Lis1-dynein drives corona compaction and limits erroneous microtubule attachment at kinetochores

Mitotic cell division requires that kinetochores form microtubule attachments that can segregate chromosomes and control mitotic progression via the spindle assembly checkpoint. During prometaphase, kinetochores shed a domain called the fibrous corona as microtubule attachments form. This shedding is mediated, in part, by the minus-end directed motor dynein, which 'strips' cargoes along K-fibre microtubules. Despite its essentiality, little is known about how dynein stripping is regulated and how it responds to attachment maturation.
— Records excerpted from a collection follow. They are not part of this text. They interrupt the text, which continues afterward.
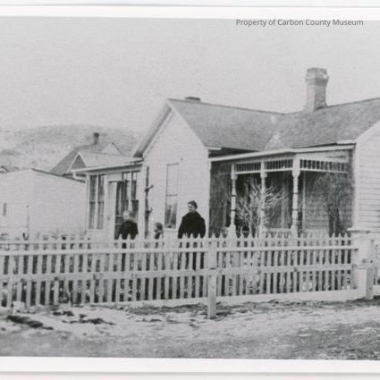 Black and white copy print of a house on 7th street. House is clapboard with an open side, covered porch that has three decorative posts and spindles under roof edge. Standing in the yard is a woman and 2 children. The yard has a picket fence with gate between 2 posts on photo right. Houses are in background on photo left.
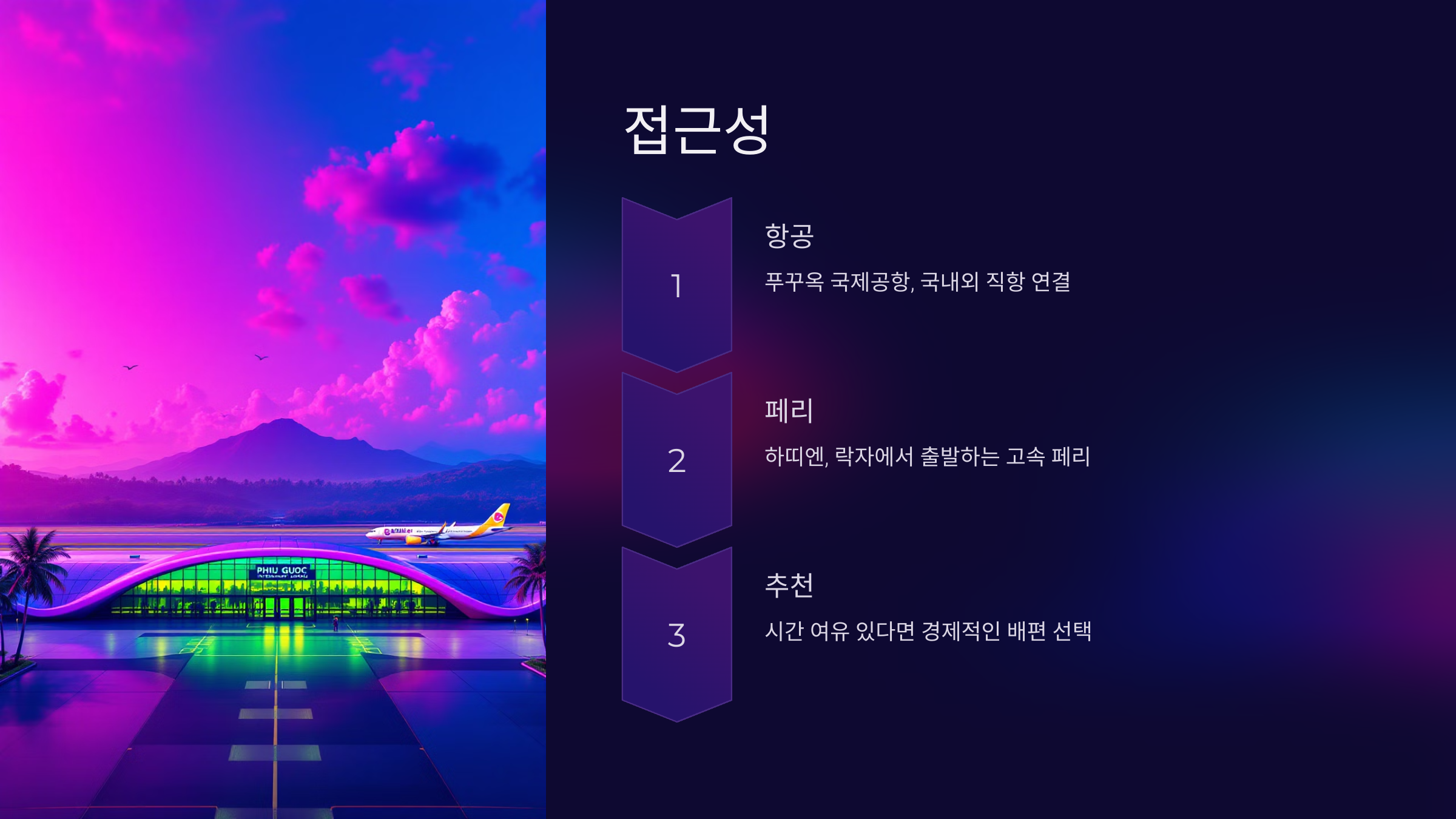 푸꾸옥 섬은 뛰어난 접근성 덕분에 다양한 교통수단으로 방문할 수 있습니다.
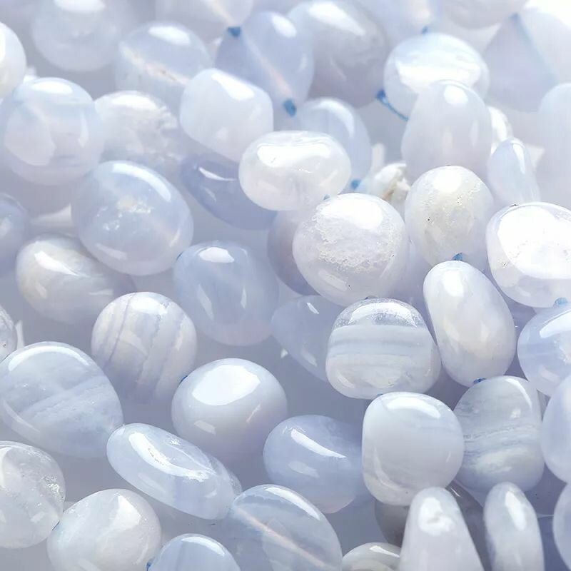 Купить Голубой Агат (Сапфирин), бусины галтовка 8-10 мм, на нитке 38 см, для рукоделия с доставкой по всей России.
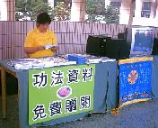 除了功法表演外,在学校走廊也布置了一个洪法的摊位。有一位妈妈因为来观看运动会而看到了法轮功摊位,很高兴的说:「我很久以前就知道也听人家说这个功法很好,但一直不知道哪里可以学,今天终于让我找到了。」她索取了很多免费的简介资料,对于学功跃跃欲试,请教了很多问题。
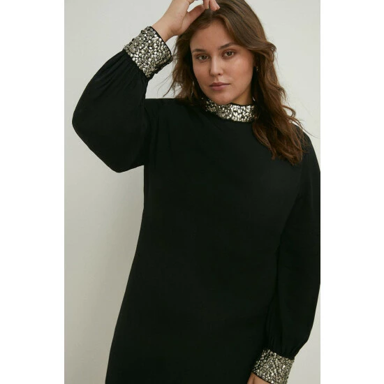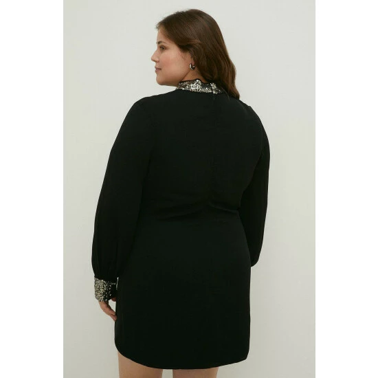 Style: Shift DressDesign: EmbroideredFabric: WovenLength: MiniNeckline: High NeckSleeve Length: Long Sleeve
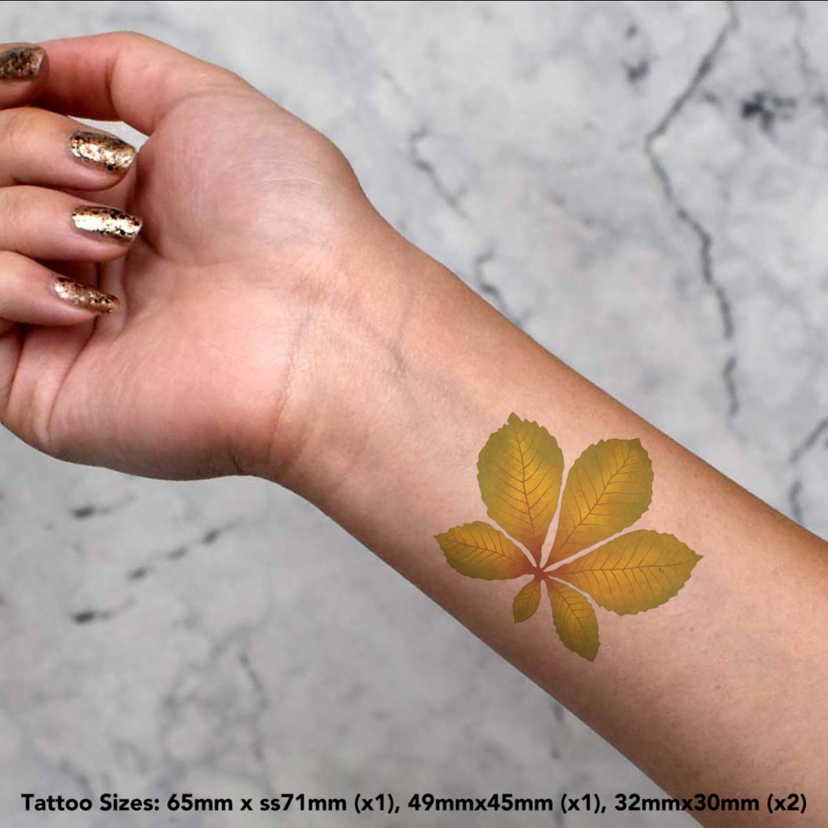 'Autumn Chestnut Leaf' Temporary Tattoos - Water Resistant, Skin-Safe, Non-Toxic Transfers (TO041630)
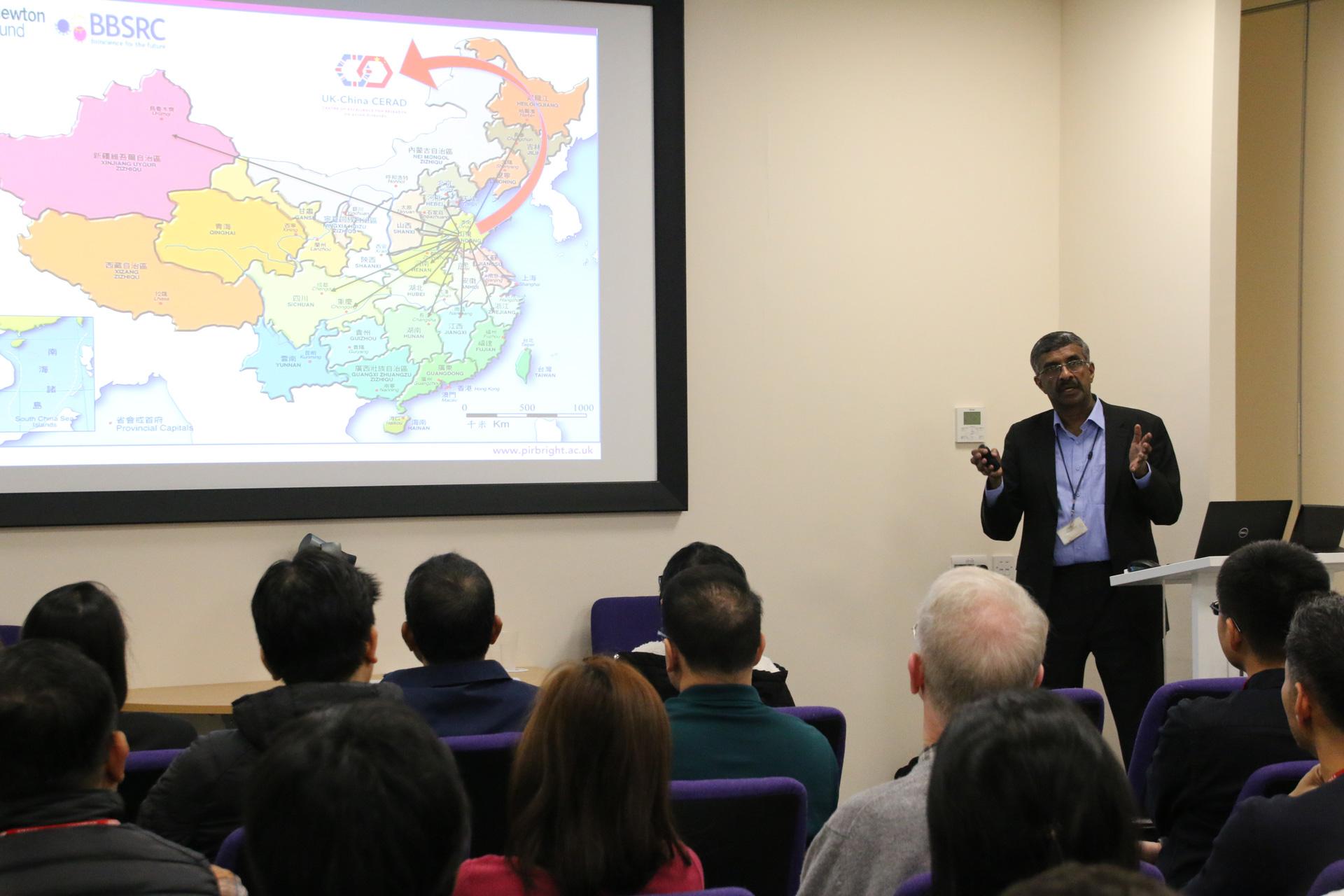 Photo: Professor Venugopal Nair OBE addresses delegates of the Newton Fund Swine and Poultry Research Initiative during their visit to The Pirbright Institute on 15 January 2020.
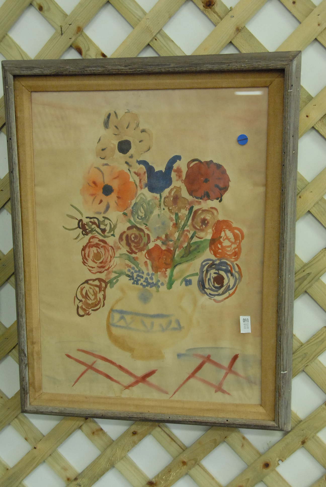 Contemporary painting of a still life flowers in a vase, watercolor on paper, unsigned.
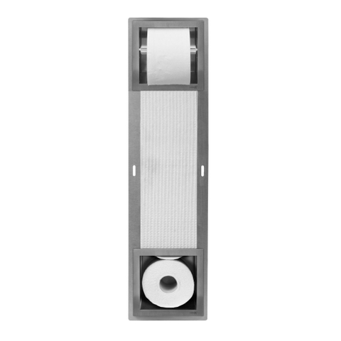 De Looox Closed inbouw closetrolhouder met reserverolhouder en ruimte voor 5 rollen in geborsteld roestvrij staal is een prachtige toevoeging aan elke badkamer. Deze stijlvolle en functionele accessoire combineert elegantie met gebruiksgemak, waardoor het een must-have is voor moderne badkamers.

Lis1 (also known as PAFAH1B1) is a conserved dynein regulator that is mutated in the neurodevelopmental disease lissencephaly. Here, we have combined loss-of-function studies, high-resolution imaging and separation-of-function mutants to define how Lis1 contributes to dynein-mediated corona stripping in HeLa cells. Cells depleted of Lis1 fail to disassemble the corona and show a delay in metaphase as a result of persistent checkpoint activation. Furthermore, we find that although kinetochore-tethered Lis1-dynein is required for error-free microtubule attachment, the contribution of Lis1 to corona disassembly can be mediated by a cytoplasmic pool. These findings support the idea that Lis1 drives dynein function at kinetochores to ensure corona disassembly and prevent chromosome mis-segregation.

Automated summary

Mitotic cell division requires the formation of microtubule attachments for chromosome segregation and mitotic progression. The shedding of the fibrous corona, which is mediated by dynein, plays a crucial role in this process. Little is known about the regulation of dynein stripping and its response to attachment maturation.